Pamięć często nas zawodziła, nas – ocalałych. Wspomnienia mieliśmy pogmatwane i niejednolite. Pamiętałam dziadka, jego opowieści, bezustanną konkurencję wyższości między klanami Ame, a było ich całkiem sporo, tych mniejszych i bardziej rozległych. Klan Imai stał w czołówce. Shinobi nie tylko charakteryzowali się tam niewysłowioną siłą i kontrolą chakry, lecz byli także doskonale wyszkoleni w walce wręcz oraz bystrzy. Niezwykle bystrzy. Często nie brałam pod uwagę tego szczególiku, przez co doświadczałam wypadków podobnych do tych sprzed chwili.

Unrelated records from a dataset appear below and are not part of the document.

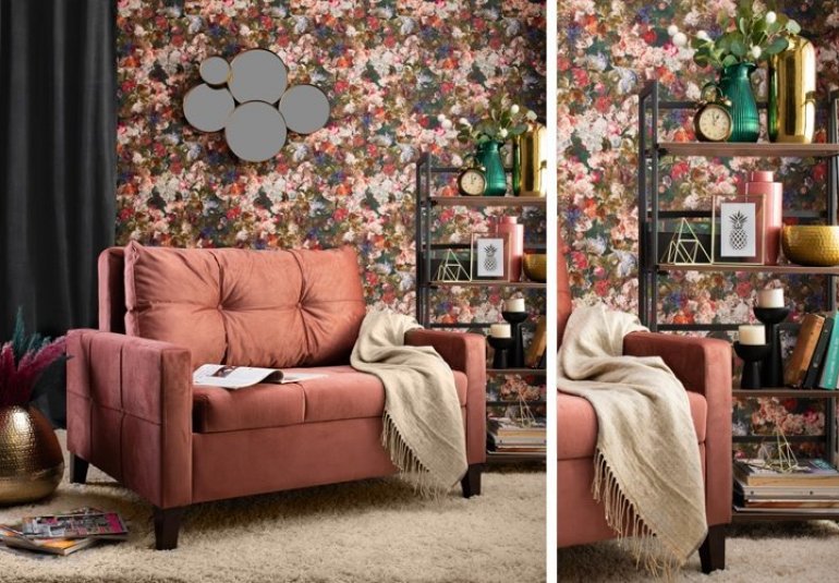 Prostor će još udobnijim i luksuznijim učiniti sjaj zlatne dekoracije i bogati tamni draper prozoru uz zid sa šarenim tapetama. Otvorena polica BS-1932 u dekoru drveta i metalne konstrukcije omogućava lak pristup omiljenoj knjizi ili mirišljavoj sveći, i odlično upotpunjuje prostor.
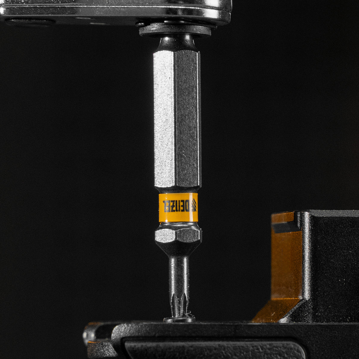 - Долговечность и надежность — биты сделаны из японской легированной стали S2 и закалены до твердости 58 HRC, поэтому устойчивы к высоким нагрузкам.
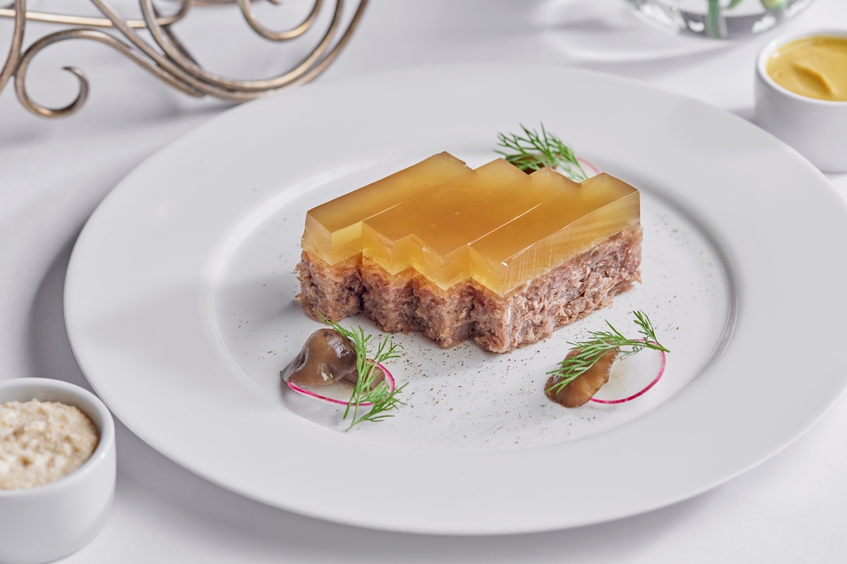 Рецепт от Виталия Россохи, шеф-повара гранд-кафе «Dr. Живаго» Ингредиенты на 6-8 порций: Процесс приготовления: 2. Мытую и очищенную морковь нарезать произвольными крупными частями и вместе с очищенным луком запечь в духовке при температуре 180 градусов примерно 10-12 минут. Овощи добавить в бульон. 3. Бульон посолить, добавить лаврушку, чеснок и перец горошком. Оставить кастрюлю на 5-6 часов на маленьком огне и без крышки. Бульон должен не кипеть, а булькать. 4. Через 5-6 часов шумовкой достать все содержимое. Если сверху бульона много жира, его нужно снять половником. Через сито, нарытое марлей, процедить бульон в чистую и сухую кастрюлю. 5. Сборка холодца. Мясо разобрать на волокна, отделить мякоть от костей. Ппробовать на соль, при необходимости досолить. Выложить на дно дну сухой емкости. Залить первой партией процеженного бульона - так, чтобы он покрывал мясо на 0,5-1 см. Накрыть пленкой, поставить в холодильник на на 2-3 часа. 6. После доставить «полухолодец», на нем сверху обра
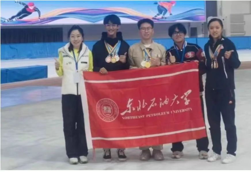 日前,由中国大学生体育协会主办、中国大学生体育协会冰上运动分会执行、哈尔滨工业大学承办的2023年中国大学生速度滑冰比赛在黑龙江省冰上基地速滑馆举行。我校代表队在甲组12项比赛中取得2金3银4铜的历史好成绩,实现了我校学生在国家级赛事中金牌零的突破,使得东油之名再次打响,tyc7111cc太阳成集团又一次进入了群众们的视线。其中我院高语阳同学(下图左一)在甲组比赛中斩获1银2铜的辉煌战绩。
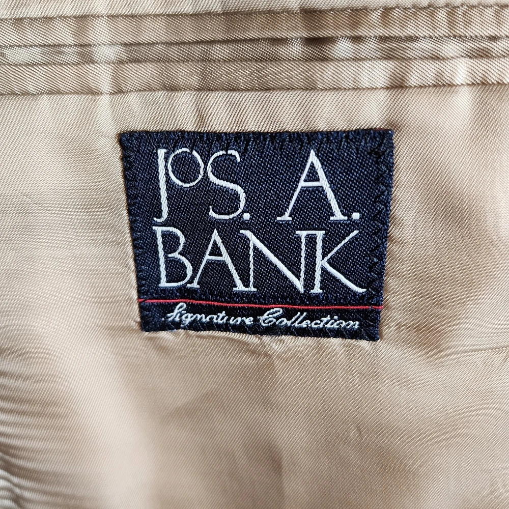 Jos. A. Bank Tan Houndstooth 100% Wool Gordon Blazer Size 43LG Brand : Jos. A. Bank Tag Size : 43LG Style : Gordon Blazer Houndstooth Signature Collection Material : 100% wool Condition details : No rips, stains, or holes Color : Tan and Black Launder: Dry clean Country of Manufacture: Mexico MEASUREMENTS are APPROXIMATE TAKEN IN INCHES with GARMENT LYING FLAT Please see photo

Mój dziadek snuł swoje opowieści. Pocieszał mnie, gdy byłam przybita pozycją naszego klanu. Nikiro uznawano w Ame za nędznych fanatyków religijnych, których bóstwem było rozgwieżdżone niebo. Wychowałam się w tej kulturze, choć gwiazdom nie ufałam za grosz. Jednak dziadek robił, co mógł, by zetrzeć smutek z mojej twarzy. Któregoś dnia, co pamiętałam doskonale, powiedział, że klan Imai nie jest tak wyjątkowy i porównał ich do klanu Wioski Ukrytej w Liściach.
Klanu Uchiha.
I faktycznie, dostrzegałam to podobieństwo. Właśnie teraz, gdy rozkoszowałam się czekoladą i dyskretnie przyglądałam… braciom. Ciekawe czy ta dwójka również obalała teorię przeciwieństw, jak było to w przypadku Usuiego i Atsuiego. Możliwe, że mieścili się w większości, ponieważ wyższy, z dłuższymi włosami wyglądał mi na niespełnionego romantyka. Cholera! I nazwał mnie aniołem. Pomyślałam, że podam mu na tacę tysiąc okazji, w których zgani się za poprzednie określenie.
Młodszy z Uchihów, Sasake – bodajże – był typem, który od początku miał w moim liczniku minusową punktację. Ale podskoczyła, zupełnie niespodziewanie, tuż po tym jak pomógł mi wyplątać się z ich własnej pułapki. Przeklęci! Nieświadomie wręczyli Sheeiren kolejny powód, by ze mnie kpić. Nerwy i wstyd związane z całym zajściem częściowo ujarzmiła czekolada… i fakt, że Imai skora była podzielić się tym znaleziskiem, choć nie kryłam wściekłości za ostatnie kostki tabliczki. W tych czasach, czekolada była rarytasem, podobnie jak wanna, ciepła woda, owoc, warzywo, wszystko, co wyrastało z ziemi i nie było skażone. Ale rarytasem była także zdolność, która niegdyś była niedocenianą codziennością – możliwość wyczuwania buzujących energii shinobi.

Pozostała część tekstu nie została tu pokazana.